The second approach is what is sometimes called "query-based compilers". The first two steps are the same, but instead of immediately proceeding to type checking the compiler waits for a query about the type of some part of the AST. For the regular compilation, it usually means asking for the type of main entry point which will trigger type checking for all the code that is reachable from main. The same process also is used to show you the type of a variable in IDEs. C# and TypeScript compilers use this architecture.

Out of somewhat prominent compilers, the only one that does not use an AST (from my understanding) is the Tiny C Compiler where the pipeline looks something like this:

1
tokenization -> assembly generation-> executable


It is also how Mass used to work till now. The natural question is that if it works for TCC, why did I introduce an AST after all? What separates Mass from C is the presence of both the type inference and function overloading. I was able to push the code quite far even with these challenges but in the end, it was just too hacky and resulted in bad machine instructions being generated. Let's consider the following code:

1
2
3
4
5
6
fn foo(s : String) {}
fn foo(s : s64) {}

fn main() {
  foo(some expression here)
}


When the parser comes across a call to foo it needs to decide which overload to pick. Since the argument is not yet parsed, its type is unknown. In the previous setup, to understand the type we also needed to generate the assembly instructions for the expression, which in turn means putting the result of this expression somewhere, typically the stack. For the String version of foo the argument does need to be on the stack but for the integer version it is wasteful.

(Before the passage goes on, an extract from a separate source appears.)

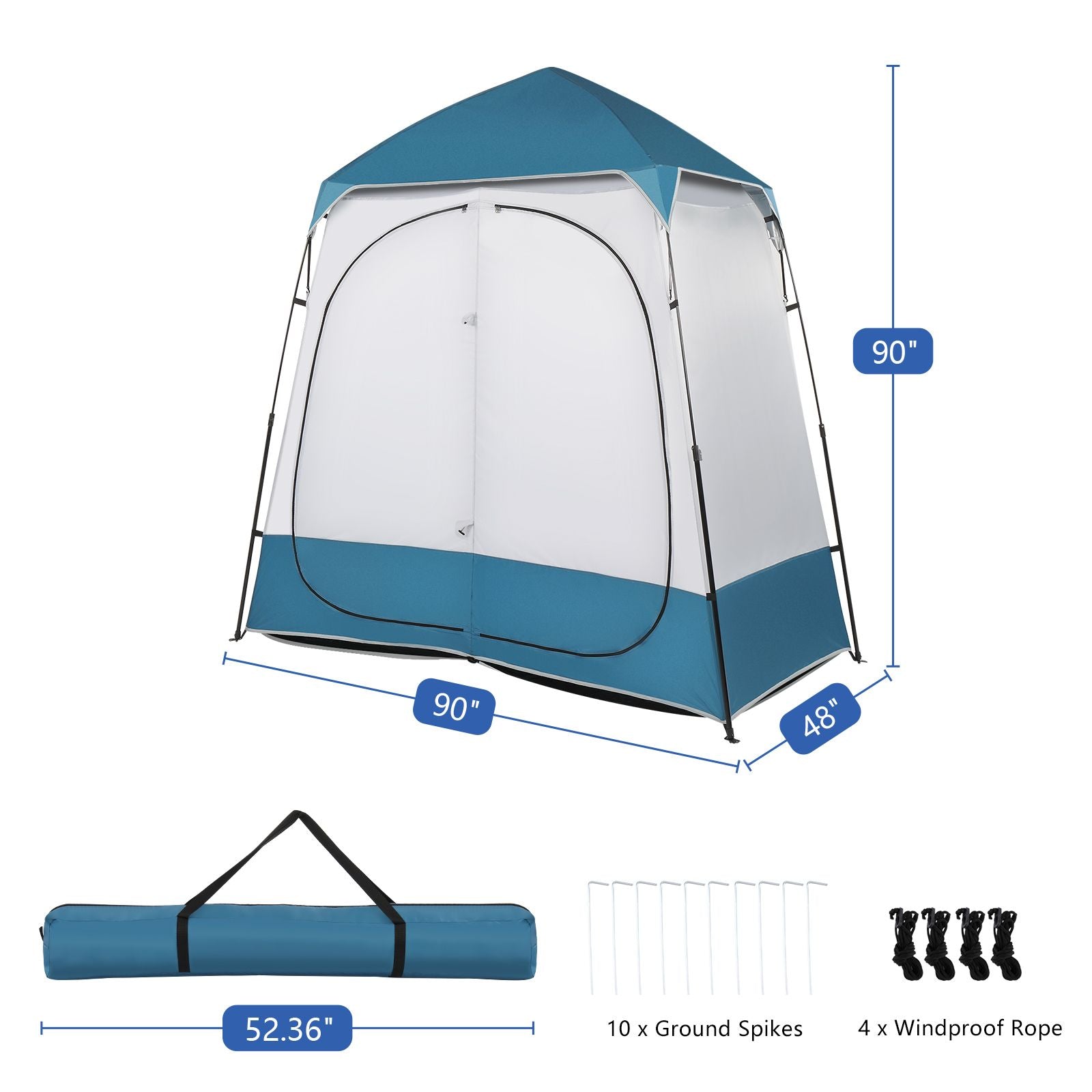 90x90x48" Portable Outdoor Pop UP Camping Shower Tent Enclosure, Shower Shelter, Changing Room, Dressing Tent, 2 Rooms, Instant Tent Blue/White RT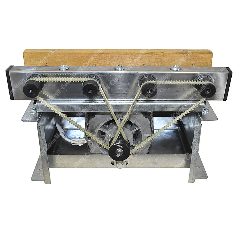 Станок пасечный состоит из неподвижного основания, сверлильной головки и подающего столика. Приводной шкив двигателя имеет 2 канавки и через 2 приводных ремня вращает 4 оси с цанговыми патронами. Заготовка (планка рамки) устанавливается на прижимной деревянной планке на 3 упора. Фиксация заготовки и подача при сверлении производится вручную. Расстояние между отверстиями не регулируемое и составляет 80мм.

The new approach is to parse the code first into a series of typed thunks (closures) that when forced (called) generate the assembly instructions for the operation. The knowledge of type allows picking the right overload before generating any instructions which in turns makes it possible to put the result of the expression directly into the expected storage for the argument.

I'm generally pretty happy with the new setup, but it is not without problems. The biggest one that I need to consider is that because the code is represented as nested thunks, deeply nested expressions can generate stack overflows in code generation. I might just increase stack size or switch to a different representation. We'll see.